SG-CADVLM: A Context-Aware Decoding Powered Vision Language Model for Safety-Critical Scenario Generation

Autonomous vehicle safety validation requires testing on safety-critical scenarios, but these events are rare in real-world driving and costly to test due to collision risks. Crash reports provide authentic specifications of safety-critical events, offering a vital alternative to scarce real-world collision trajectory data. This makes them valuable sources for generating realistic high-risk scenarios through simulation. Existing approaches face significant limitations because data-driven methods lack diversity due to their reliance on existing latent distributions, whereas adversarial methods often produce unrealistic scenarios lacking physical fidelity. Large Language Model (LLM) and Vision Language Model (VLM)-based methods show significant promise. However, they suffer from context suppression issues where internal parametric knowledge overrides crash specifications, producing scenarios that deviate from actual accident characteristics. This paper presents SG-CADVLM (A Context-Aware Decoding Powered Vision Language Model for Safety-Critical Scenario Generation), a framework that integrates Context-Aware Decoding with multi-modal input processing to generate safety-critical scenarios from crash reports and road network diagrams. The framework mitigates VLM hallucination issues while enabling the simultaneous generation of road geometry and vehicle trajectories. The experimental results demonstrate that SG-CADVLM generates critical risk scenarios at a rate of 84.4% compared to 12.5% for the baseline methods, representing an improvement of 469%, while producing executable simulations for autonomous vehicle testing.

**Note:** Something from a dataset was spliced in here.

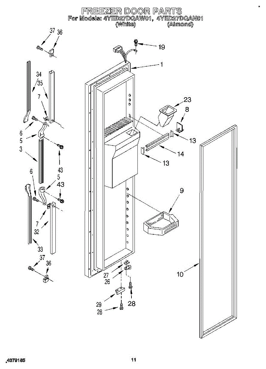 Parts for Whirlpool 4YED27DQAW01: 07 - Freezer Door Parts

翻译：自动驾驶车辆的安全验证需要在安全关键场景下进行测试，但这些事件在现实世界驾驶中较为罕见，且因碰撞风险而测试成本高昂。事故报告提供了安全关键事件的真实规范，为稀缺的真实世界碰撞轨迹数据提供了一个重要的替代来源。这使其成为通过仿真生成真实高风险场景的宝贵资源。现有方法面临显著局限性：数据驱动方法因其对现有潜在分布的依赖而缺乏多样性，而对抗性方法则常产生缺乏物理真实性的不现实场景。基于大语言模型和视觉语言模型的方法展现出巨大潜力。然而，它们存在上下文抑制问题，即内部参数知识会覆盖事故规范，导致生成的场景偏离实际事故特征。本文提出SG-CADVLM（一种用于安全关键场景生成的上下文感知解码驱动的视觉语言模型），该框架将上下文感知解码与多模态输入处理相结合，以从事故报告和路网图中生成安全关键场景。该框架缓解了VLM的幻觉问题，同时实现了道路几何与车辆轨迹的同步生成。实验结果表明，SG-CADVLM生成关键风险场景的比例为84.4%，而基线方法仅为12.5%，提升了469%，并能生成用于自动驾驶测试的可执行仿真。